# What does SRT mean?



## ricearoni (Aug 19, 2022)

They messed up the schedule for the week of the 28th I think because they have me coming in at 4am and it says SRT next to it. It usually says A&A and I start at 7am usually so I’m not sure why it says SRT at 4am.


----------



## StaticSun (Aug 19, 2022)

You should check with your leader or HR team!


----------



## Rarejem (Aug 19, 2022)

Probably sorting A&A freight


----------



## Anelmi (Aug 19, 2022)

Sort


----------



## happygoth (Aug 19, 2022)

Yep, sounds like you're doing Style breakout.


----------



## ricearoni (Aug 19, 2022)

happygoth said:


> Yep, sounds like you're doing Style breakout.


I already do that usually and they never called it that before and never came in that early.


----------



## MrT (Aug 20, 2022)

ricearoni said:


> I already do that usually and they never called it that before and never came in that early.
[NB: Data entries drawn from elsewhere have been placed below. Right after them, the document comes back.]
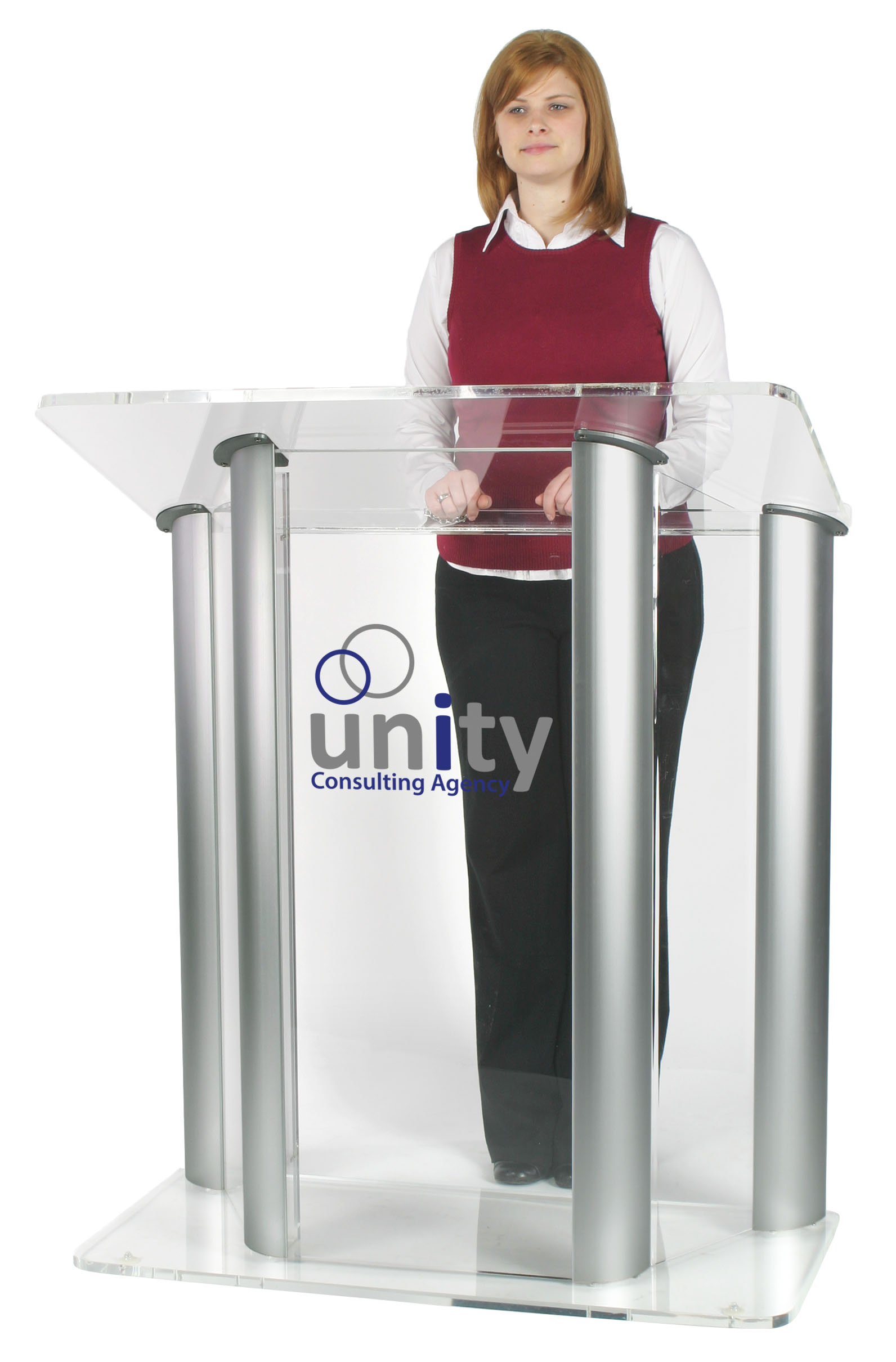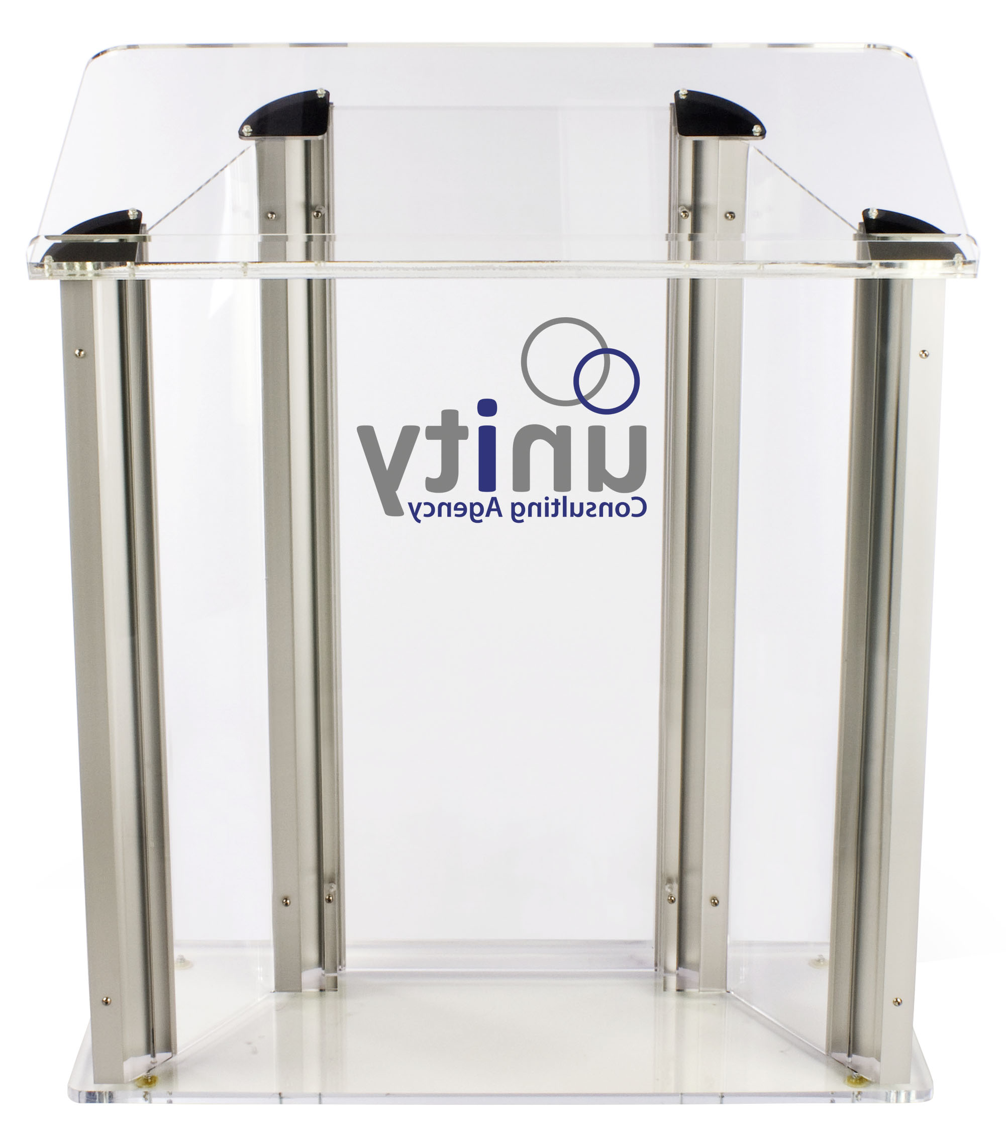 Acrylic Podium with Aluminum Sides, 2-Color Custom Graphic – Silver
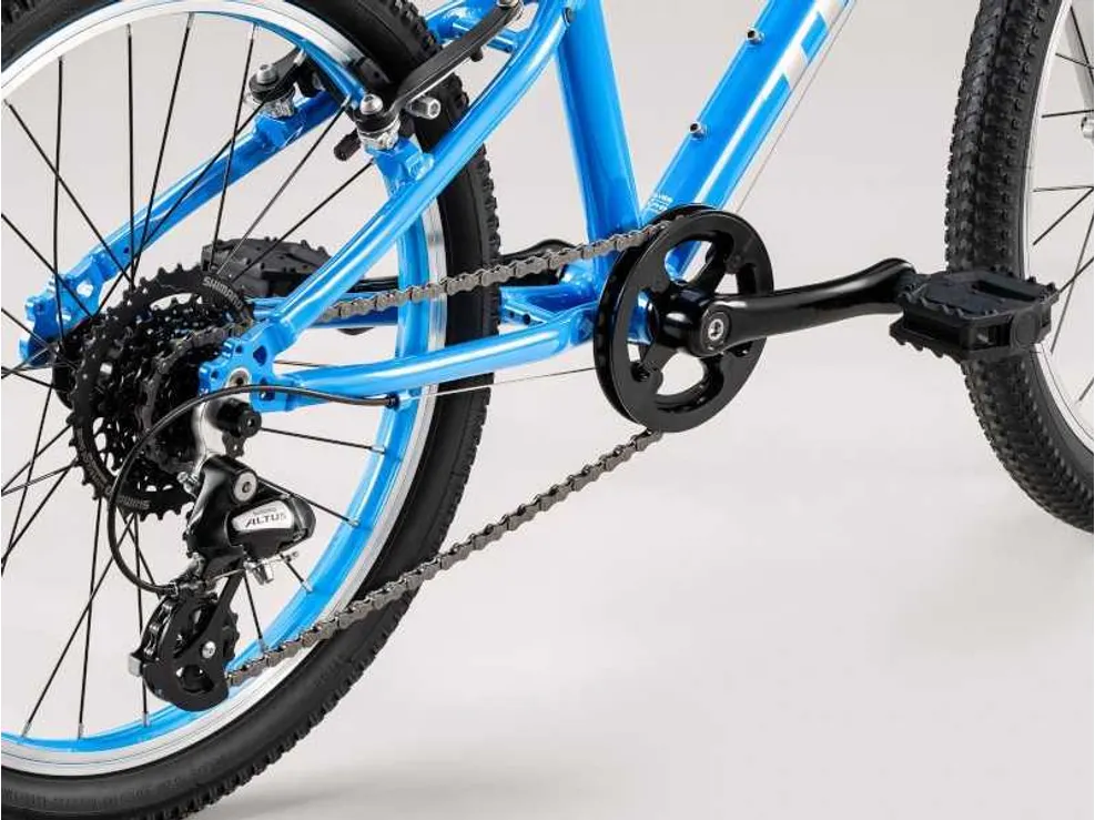 Den här cykelns har uteslutande kvalitativa komponenter vilket i praktiken innebär att barnen utan problem kan ge sig ut i småstökig terräng, så det inga som helst problem att hänga med föräldrarna till vardags och på tävling. Stommen består av en förstklassig lättviktsram i Alpha Aluminum som både är hållbar och är enkel för barnen att hantera. Den 1x8-växlade drivlinan kommer från kvalitetssäkra Shimano (Altus) och är det bästa sättet att lära ditt barn att cykla på en riktig MTB. Växlingen är smidig och reglagen intuitiva, så att barnet kan fokusera på det viktigaste, att ha maximalt med skoj!
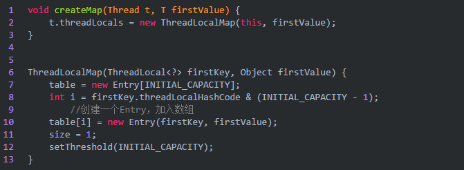可以看到在new ThreadLocalMap之后,就会创建一个Entry加入到数组中,最后把ThreadLocalMap的引用赋值给Thread的threadLocals成员变量
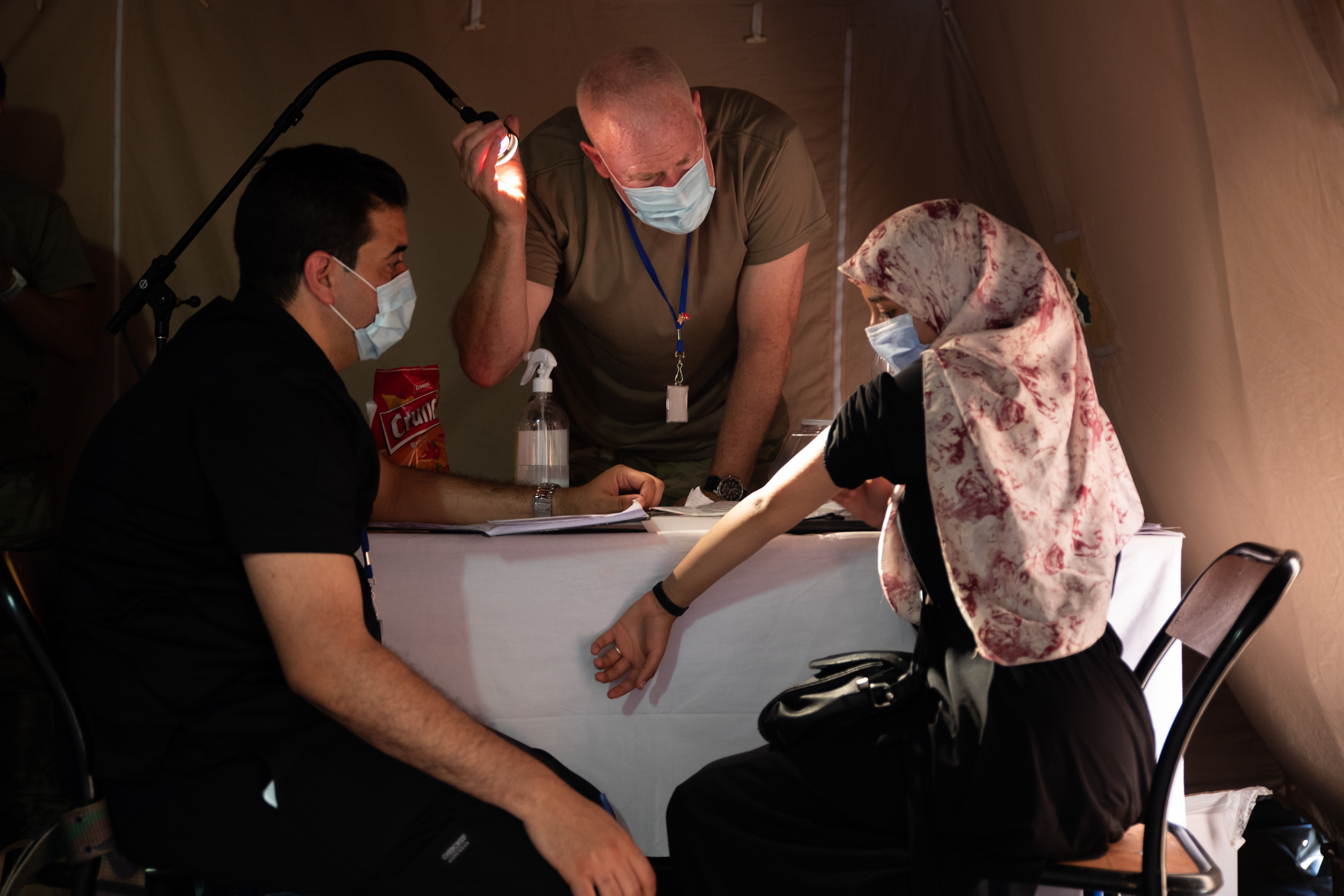 U.S. Air Force Lt. Col. David Brown, a medical provider assigned to the 151st Medical Group Det. 1, Utah Air National Guard examines a patient during exercise African Lion 2021 June 14, 2021, at the Military Medical Surgical Field Hospital in Tafraoute, Morocco. African Lion 2021 is U.S. Africa Command's largest, premier, joint, annual exercise hosted by Morocco, Tunisia, and Senegal, 7-18 June. More than 7,000 participants from nine nations and NATO train together with a focus on enhancing readiness for U.S. and partner nation forces. African Lion 21 is multi-domain, multi-component, and multinational exercise, which employs a full array of mission capabilities with the goal to strengthen interoperability among participants. (U.S. Air National Guard photo by Tech. Sgt. Colton Elliott)
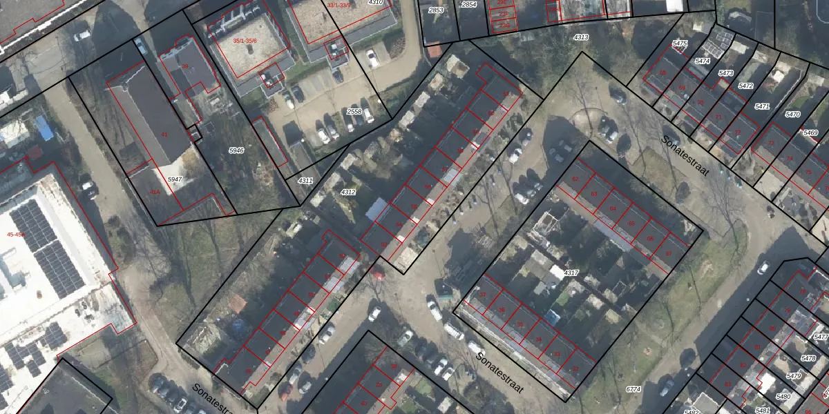 Het perceel waarop Sonatestraat 55 staat heeft een oppervlakte van 2669 m². Dit is een zeer groot perceel. De perceeloppervlakte wordt geregistreerd door het Kadaster. Gedetailleerde informatie over de maten van dit perceel kunt u vinden in het rapport Kadastrale kaart met maatvoering van Sonatestraat 55.
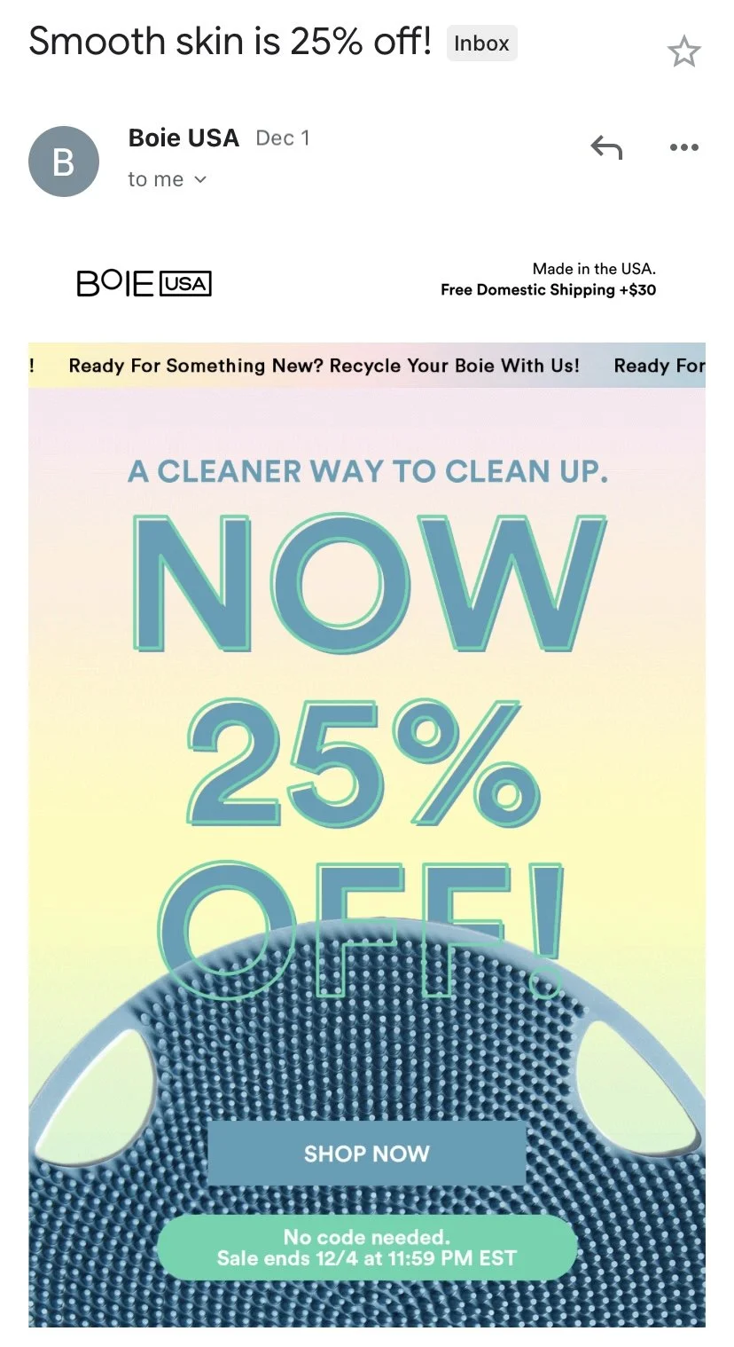 I manage all email marketing for personal care brand Boie USA. Managing a team of designers and coders, I direct the content calendar, write the copy, and review analytics. Together we have grown our engaged email list year over year—over 50% from 125K to 450K.
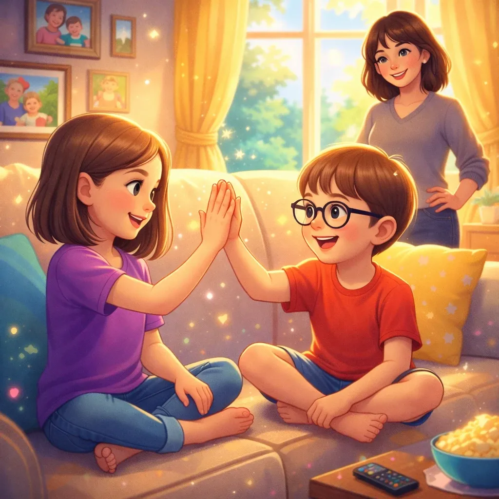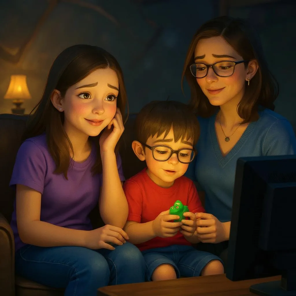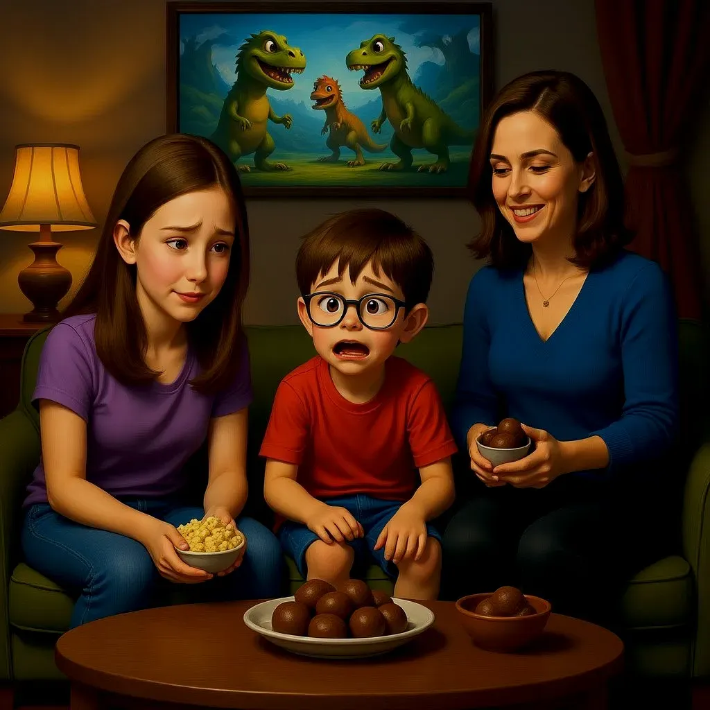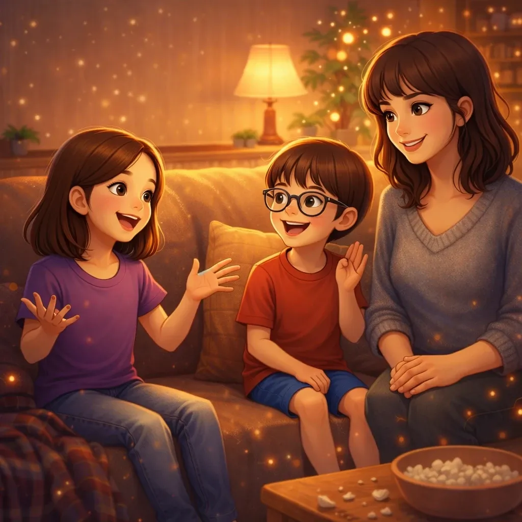 Every week, my family watches a movie together in our living room. We sit on the couch with snacks and enjoy a story together.
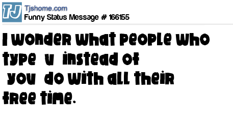 X I wonder what people who type “u” instead of “you” do with all their free time.
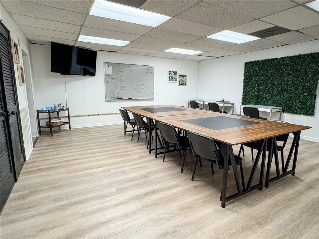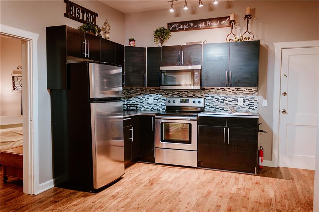 Beautiful remodeled commercial building! Property consists of two commercial office spaces and two residential units upstairs. One of the commercial spaces is currently being rented by the owners business while the other side is vacant and ready to be leased or moved into by new owners business. The two residential units upstairs are fully rented. Property has new floors, new paint, updated bathrooms, new custom glass wall dividers and so much more!
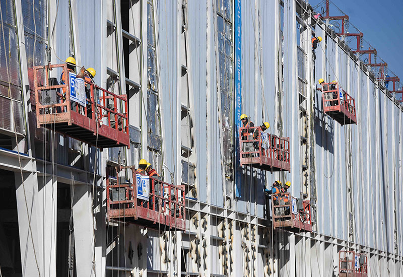 建設(shè)者在雄安市民服務(wù)中心項(xiàng)目現(xiàn)場(chǎng)施工(2月12日攝)。 新華社記者 申宏 攝
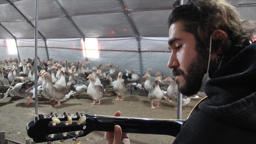 Çok sevdiği gitarıyla hayvanlarına müzik de çalan Öztürk, melodilerin kazlarına iyi geldiğini düşünüyor.
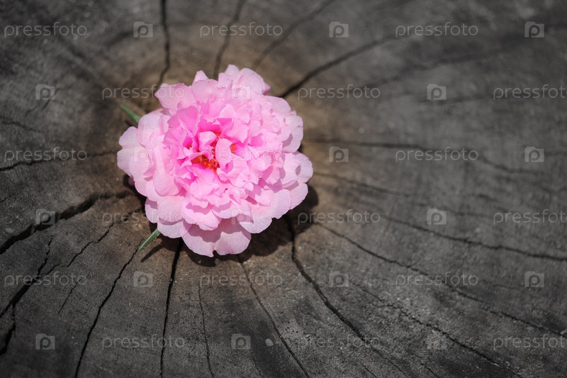Розовый портулак с деревянным фоном
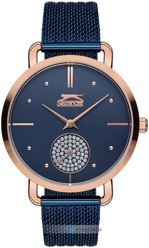 Damski zegarek Slazenger SL.09.6176.3.01 to zegarek, który dzięki swemu wzornictwu zawsze będzie prezentował się dobrze. Charakteru dodaje wysokiej jakości cyferblat w kolorze granatowym. Zaprezentowana metodą analogową aktualna godzina jest czytelna i łatwa do odczytania. Koperta szeroka jest na 36 mm - ma okrągły kształt.
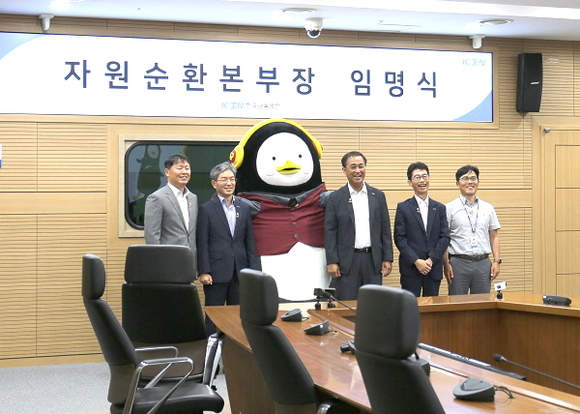 한국남동발전은 2일 진주 본사에서 펭수를 자원순환본부장으로 임명하고, 석탄재 재활용제품 마케팅을 위한 홍보 활동을 펼쳤다고 밝혔다.
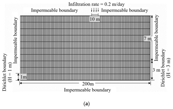 where is the moisture content distribution at the initial time . Here, at the Neumann and impermeable boundaries, respectively, and are known a priori, i.e., prescribed with known values. Accordingly, if the flux through a Dirichlet boundary can be calculated exactly and the finite element hydraulic solutions obtained from Equations (19), (20), or (29) are free of error, the mass balance equation (Equation (30)) will be perfectly satisfied, assuming that the numerical quadrature is exact and there is no temporal discretization error. The flux through the Dirichlet boundary can be conventionally calculated by either differentiating the hydraulic heads computed from Equation (19) or (20) using the CDA, or by applying the finite element approach to the Darcy equation with the hydraulic heads computed from Equation (19) or (20) using Yeh’s approach. However, the approach proposed in this study directly calculates the flux through Dirichlet boundaries by solving Equation (29) for Galerkin fluxes or integral boundary fluxes at the Dirichlet nodes. To illustrate the superiority of the mass balance computation performed using the proposed approach, here, the approach was compared to the CDA and Yeh’s approach using two practical groundwater scenarios.

They can literally put anything there.  It seems like style breakout to me.  Maybe it wasn't the same person doing the schedule as normal this week.  They might have you in early for a double truck.  Only way to know is to ask your leader.


----------



## Xanatos (Aug 20, 2022)

They want you to Stop Right There and ask your leader for direction instead of doing what you normally do.


----------



## commiecorvus (Aug 20, 2022)

Sandman Race Theory - you will have a panel discussion as to why it was just fine for Neil Gaiman to cast The Endless as any race he wants to.


----------